Recently at Michigan State University, we have developed a method to create mini human hearts in the lab, termed “heart organoids”, from stem cells. These heart organoids have blood vessels, they have all the main cell types as the human heart, and even beat. They are about half the size of a grain of rice. Even so, they represent an incredibly powerful tool for investigating heart development and disease like never before.

We create the heart organoids by mimicking the events of embryonic development. Stem cells have the power to become any cell or organ in the body. By manipulating this ability, we can direct their fate and guide them into becoming the heart.

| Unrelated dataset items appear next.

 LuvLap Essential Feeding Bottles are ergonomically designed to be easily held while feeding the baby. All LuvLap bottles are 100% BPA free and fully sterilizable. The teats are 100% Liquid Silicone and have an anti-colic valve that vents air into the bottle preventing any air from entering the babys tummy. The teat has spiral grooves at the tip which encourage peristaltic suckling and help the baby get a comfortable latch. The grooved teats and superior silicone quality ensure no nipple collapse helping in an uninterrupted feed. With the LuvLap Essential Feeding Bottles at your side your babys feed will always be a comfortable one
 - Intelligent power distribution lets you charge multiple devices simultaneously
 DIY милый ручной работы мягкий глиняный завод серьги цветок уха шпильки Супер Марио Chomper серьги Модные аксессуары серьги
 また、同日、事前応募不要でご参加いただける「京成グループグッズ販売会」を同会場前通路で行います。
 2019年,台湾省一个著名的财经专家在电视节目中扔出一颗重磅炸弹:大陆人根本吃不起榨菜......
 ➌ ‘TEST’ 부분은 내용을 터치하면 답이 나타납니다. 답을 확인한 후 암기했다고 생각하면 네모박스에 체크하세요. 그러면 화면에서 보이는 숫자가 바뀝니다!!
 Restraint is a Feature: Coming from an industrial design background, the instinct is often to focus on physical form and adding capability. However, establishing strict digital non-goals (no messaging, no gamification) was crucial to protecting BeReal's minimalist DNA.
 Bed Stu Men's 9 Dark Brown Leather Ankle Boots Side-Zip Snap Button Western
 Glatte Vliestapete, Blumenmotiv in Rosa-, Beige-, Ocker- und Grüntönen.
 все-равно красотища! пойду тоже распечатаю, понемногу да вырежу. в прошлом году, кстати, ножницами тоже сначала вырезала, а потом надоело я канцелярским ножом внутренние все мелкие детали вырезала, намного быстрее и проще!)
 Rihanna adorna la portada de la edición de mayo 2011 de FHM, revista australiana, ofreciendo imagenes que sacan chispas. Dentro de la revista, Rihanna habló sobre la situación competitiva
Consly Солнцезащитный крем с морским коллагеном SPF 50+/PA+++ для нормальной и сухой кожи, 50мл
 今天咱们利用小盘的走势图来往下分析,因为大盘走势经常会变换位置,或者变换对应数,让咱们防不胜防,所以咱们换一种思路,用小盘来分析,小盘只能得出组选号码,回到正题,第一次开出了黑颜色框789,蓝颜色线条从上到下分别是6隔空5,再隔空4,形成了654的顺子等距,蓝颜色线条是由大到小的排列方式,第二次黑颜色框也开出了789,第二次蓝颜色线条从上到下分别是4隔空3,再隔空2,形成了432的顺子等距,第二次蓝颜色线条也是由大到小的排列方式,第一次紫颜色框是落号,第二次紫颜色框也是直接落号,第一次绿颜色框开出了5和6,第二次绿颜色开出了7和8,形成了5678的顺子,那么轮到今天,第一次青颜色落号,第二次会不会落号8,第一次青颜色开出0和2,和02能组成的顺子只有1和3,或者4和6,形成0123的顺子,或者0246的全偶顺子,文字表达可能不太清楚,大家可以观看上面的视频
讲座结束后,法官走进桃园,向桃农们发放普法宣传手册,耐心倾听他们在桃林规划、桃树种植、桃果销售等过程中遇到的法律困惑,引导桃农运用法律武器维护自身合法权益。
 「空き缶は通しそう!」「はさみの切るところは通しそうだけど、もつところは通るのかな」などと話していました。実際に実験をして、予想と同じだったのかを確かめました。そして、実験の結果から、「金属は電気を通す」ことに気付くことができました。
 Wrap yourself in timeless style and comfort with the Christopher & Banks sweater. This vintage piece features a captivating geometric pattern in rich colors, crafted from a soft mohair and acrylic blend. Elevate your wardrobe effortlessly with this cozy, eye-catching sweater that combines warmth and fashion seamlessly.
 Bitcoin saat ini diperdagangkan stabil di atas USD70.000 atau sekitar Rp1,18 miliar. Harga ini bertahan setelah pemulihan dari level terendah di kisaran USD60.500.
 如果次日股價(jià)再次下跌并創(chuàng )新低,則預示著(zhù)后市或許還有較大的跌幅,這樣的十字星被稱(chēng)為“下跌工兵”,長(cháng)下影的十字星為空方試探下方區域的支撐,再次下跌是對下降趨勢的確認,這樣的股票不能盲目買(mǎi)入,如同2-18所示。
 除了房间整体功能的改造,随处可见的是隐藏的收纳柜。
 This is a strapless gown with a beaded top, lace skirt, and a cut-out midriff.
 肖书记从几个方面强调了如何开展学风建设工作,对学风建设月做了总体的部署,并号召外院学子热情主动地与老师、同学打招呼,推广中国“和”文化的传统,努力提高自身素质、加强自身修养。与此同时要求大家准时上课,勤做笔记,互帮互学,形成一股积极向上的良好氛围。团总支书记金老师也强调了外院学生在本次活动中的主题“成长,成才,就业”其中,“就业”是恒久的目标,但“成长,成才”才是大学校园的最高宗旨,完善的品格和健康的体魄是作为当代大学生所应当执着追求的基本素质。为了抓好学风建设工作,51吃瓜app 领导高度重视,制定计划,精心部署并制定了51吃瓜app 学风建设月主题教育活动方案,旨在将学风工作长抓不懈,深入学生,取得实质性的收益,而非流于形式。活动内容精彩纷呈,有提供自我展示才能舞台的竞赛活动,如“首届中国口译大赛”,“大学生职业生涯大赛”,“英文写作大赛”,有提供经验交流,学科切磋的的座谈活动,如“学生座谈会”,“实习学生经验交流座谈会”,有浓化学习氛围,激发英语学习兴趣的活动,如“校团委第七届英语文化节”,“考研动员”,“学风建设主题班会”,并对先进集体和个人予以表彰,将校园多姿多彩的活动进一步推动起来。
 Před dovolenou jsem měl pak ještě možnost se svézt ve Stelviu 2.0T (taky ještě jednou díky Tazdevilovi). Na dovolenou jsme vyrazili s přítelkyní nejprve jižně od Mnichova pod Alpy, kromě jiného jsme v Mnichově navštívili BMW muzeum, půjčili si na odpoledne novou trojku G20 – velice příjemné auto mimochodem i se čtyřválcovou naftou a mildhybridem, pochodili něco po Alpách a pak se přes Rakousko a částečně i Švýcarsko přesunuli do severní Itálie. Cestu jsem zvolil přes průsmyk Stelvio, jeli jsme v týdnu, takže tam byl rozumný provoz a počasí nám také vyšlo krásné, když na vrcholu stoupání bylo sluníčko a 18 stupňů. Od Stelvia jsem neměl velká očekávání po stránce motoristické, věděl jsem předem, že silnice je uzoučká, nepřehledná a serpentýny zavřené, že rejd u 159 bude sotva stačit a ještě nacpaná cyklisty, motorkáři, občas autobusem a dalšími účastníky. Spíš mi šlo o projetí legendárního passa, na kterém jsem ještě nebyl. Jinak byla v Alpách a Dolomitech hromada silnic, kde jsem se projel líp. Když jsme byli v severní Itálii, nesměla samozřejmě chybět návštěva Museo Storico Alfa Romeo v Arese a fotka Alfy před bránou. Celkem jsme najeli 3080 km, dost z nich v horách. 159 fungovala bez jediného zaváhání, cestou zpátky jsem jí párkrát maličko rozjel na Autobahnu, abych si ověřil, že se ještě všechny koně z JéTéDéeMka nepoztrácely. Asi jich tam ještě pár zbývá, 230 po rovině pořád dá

These heart organoids allow us to study, with greater precision than ever before, how the human heart forms and how diseases are manifested. They can serve to better investigate the role of blood vessels in disease, to study better ways to treat or prevent arrythmias, to study the roles of atria and ventricles in healthy vs. disease states, and so much more.

multicolored digital creation of a human heart called a heart organoid.
A "heart organoid" image. Courtesy image.

Something that takes all of this to the next level is the technology called “Induced pluripotent stem cells”. By simply taking a small sample of your skin or blood, we can transform that into stem cells. Then, we can use your own stem cells to grow your own mini heart.

This technology will elevate the study of heart development and disease to newfound heights and sets the stage for creating fully synthetic and transplantable human hearts.

I recently had the honor of presenting my research at the MSU Ignite talks along with eight other shining MSU researchers. Disseminating science to a broader audience is a delightful challenge, and the MSU Ignite talks offered an energetic and inspiring atmosphere filled with accomplishment and pride for all who bleed green; I hope the readers will join us for next year’s talks on March 14, 2024!

Michigan State University has illuminated the bountiful and rewarding field of science to me through a plethora of fantastic professors, engaging colleagues, and beautiful ambiances.

MSU offers a fruitful experience for all who traverse it, bestowing a journey that is ripe with adventure and brilliance.